Минимальная зарплата у контрактника, пока он в России, — примерно 40–60 тысяч в месяц. И за лентой плюсуется от 170 до 200 тысяч.

Про вымогательство

— Но тут еще важно понимать: среднестатистический контрактник, рядовой — его начинают обдирать с самого начала. Это, скажем так, горячие пирожки. Еще необстрелянные, необтертые. Вот контрактник пришел новый, ему приходят деньги. В каждом регионе свои выплаты, где-то доходит до 2 млн рублей. Это единовременные выплаты. Ты контракт подписал — тебе на счет сразу падает от 600 тысяч до миллиона рублей. Он еще автомат в руках не держал, а деньги на карту уже пришли. И ему тут же говорят: ты сейчас сдохнешь, если деньги не отдашь эти.
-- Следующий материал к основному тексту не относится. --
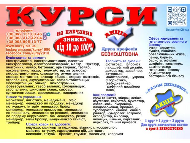 Курси кухаря, електрика, зварника, електрика, слюсаря, бухгалтер

Он не отдает — и вперед, на амбразуру.

Либо заплати — и не пойдешь туда [на боевое задание]. В нашей дивизии — не помню, в каком полку — просто офицеры застреливали рядовых. Их посадили, правда. Стреляли просто. Пин-код не говорил — он его пристрелил. Я это знаю, потому что это обсуждалось на совещаниях, куда я ходил. Не в бою солдаты погибли, а задвухсотили сами же.

Случаи вымогательства или убийства своих же — на сленге военных это называется «задвухсотить» или «обнулить» — в 27 дивизии уже известны, обратили внимание в  «Досье». В недавнем исследовании издание «Верстка» называет пятерых офицеров дивизии, причастных к убийствам собственных солдат. Например, это командир 506 мотострелкового полка с позывным «Анкер». Предположительно, он приказал «обнулить» двух своих военнослужащих. А ютуб-канал «Гулагу-нет» ранее публиковал слитые радиопереговоры Анкера. Явно пьяный, командир полка требует не спасать военнослужащего с позывным «Технолог», если того ранят.  
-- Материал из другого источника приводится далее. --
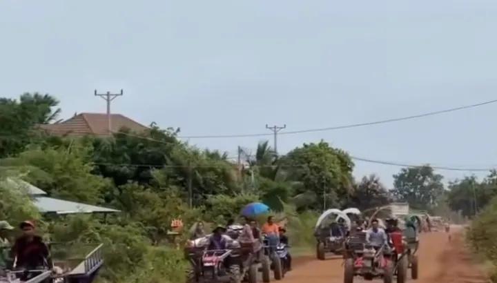 柬埔寨边境的公路上,一列列手扶拖拉机正载着民众缓缓撤离,车斗里堆满了简单的行囊。
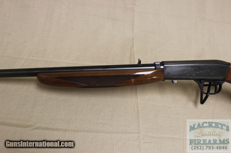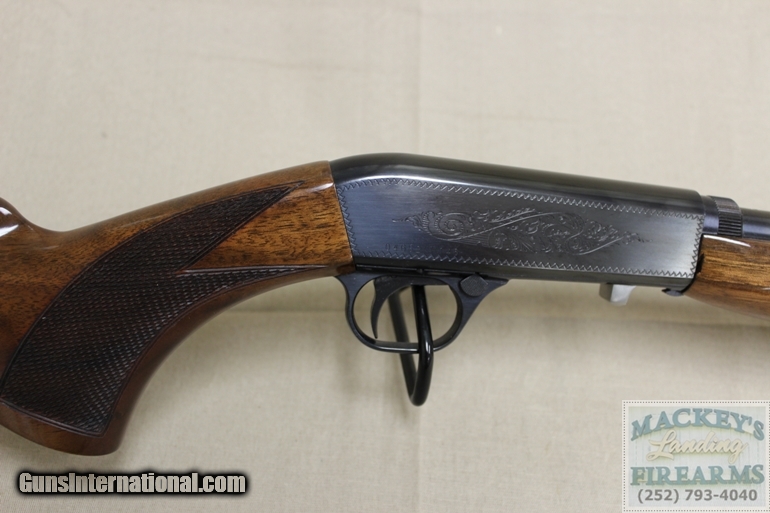 Description: In production for nearly a century, the SA-22 is unlike any other rimfire rifle on the market. Much more than "just a 22," the history of this fine rifle can be traced back to the mind of the gunmaker himself, John M. Browning, and is a lasting tribute to his genius. The SA-22 is sure to become your favorite plinker and varmint rifle. It is lightweight and easy to carry on a squirrel hunt, and easy to load for a day of plinking at the range. Construction quality and materials are top notch to ensure longevity and lasting beauty. The fine Walnut stock is sharply Checkered and polished to a sheen. The SA-22 ejects fired brass out the bottom of the receiver to make shooting a pleasure for right- and left-handed operators. Perhaps the most interesting feature is the ability to take the rifle down into two parts — the buttstock and receiver and the forearm and barrel — for storage or to simplify cleaning. Receiver - Steel, Takedown design, Polished blued finish, Scroll Engraving Barrel - Polished blued finish, Drilled and tapped for scope mount Action - Autoloading, Bottom ejection, Tubular magazine, Crossbolt safety Stock - Gloss finish American Walnut, Checkered Features - Adjustable sights with gold bead front Call (252)793-4040 for more information. Please reference our inventory #46451. FFL required for shipping. No shipping outside of the US. SOLD |

«Группа эвакуации, если эта тварь Технолог „затрехсотится“, его не вытаскивать, пускай истекает кровью», — орет в рацию Анкер, сдабривая речь большим количество нецензурной лексики.  

В «Досье» раскрыли личность Анкера — благодаря предоставленным Олегом документам и его источникам в дивизии. Речь идет о 42-летнем полковнике Альберте Равильевиче Булатове. Недавно тот, кстати, дал интервью пропагандисту Владимиру Соловьеву, рассказав, что имеет Орден мужества и другие госнаграды.

Ютуб-канал «Гулагу-нет» публиковал другие обращения военнослужащих 27 дивизии, где те также рассказывали о вымогательствах, избиении солдат и снятии наличных денег с карточек погибших.

Полковник Альберт Булатов с позывным «Анкер» дает интервью пропагандисту Соловьеву. Источник: стоп-кадр из репортажа «Досье»

В своем батальоне Олег некоторое время исполнял обязанности начальника госпиталя в оккупированном Червонопартизанске, в так называемой ЛНР. Он рассказывает, что лично видел, как вымогают деньги у раненых, лежащих в этом госпитале.

— Как говорится, боженька велел делиться. Поэтому если ты себя плохо ведешь и денежек не даешь, то никакой справки ты не получишь и выплаты не получишь, и уедешь ты максимально быстро назад на передовую.

Это я говорю про справки о ранениях. За легкое полагается 1 млн рублей,  за тяжелое — 3 млн. Плати деньги — получишь справку. Миллион плати — получишь три. Ну, получишь два, миллион отдашь. Находят деньги. Захочешь — найдешь. Родители привозят, переводят.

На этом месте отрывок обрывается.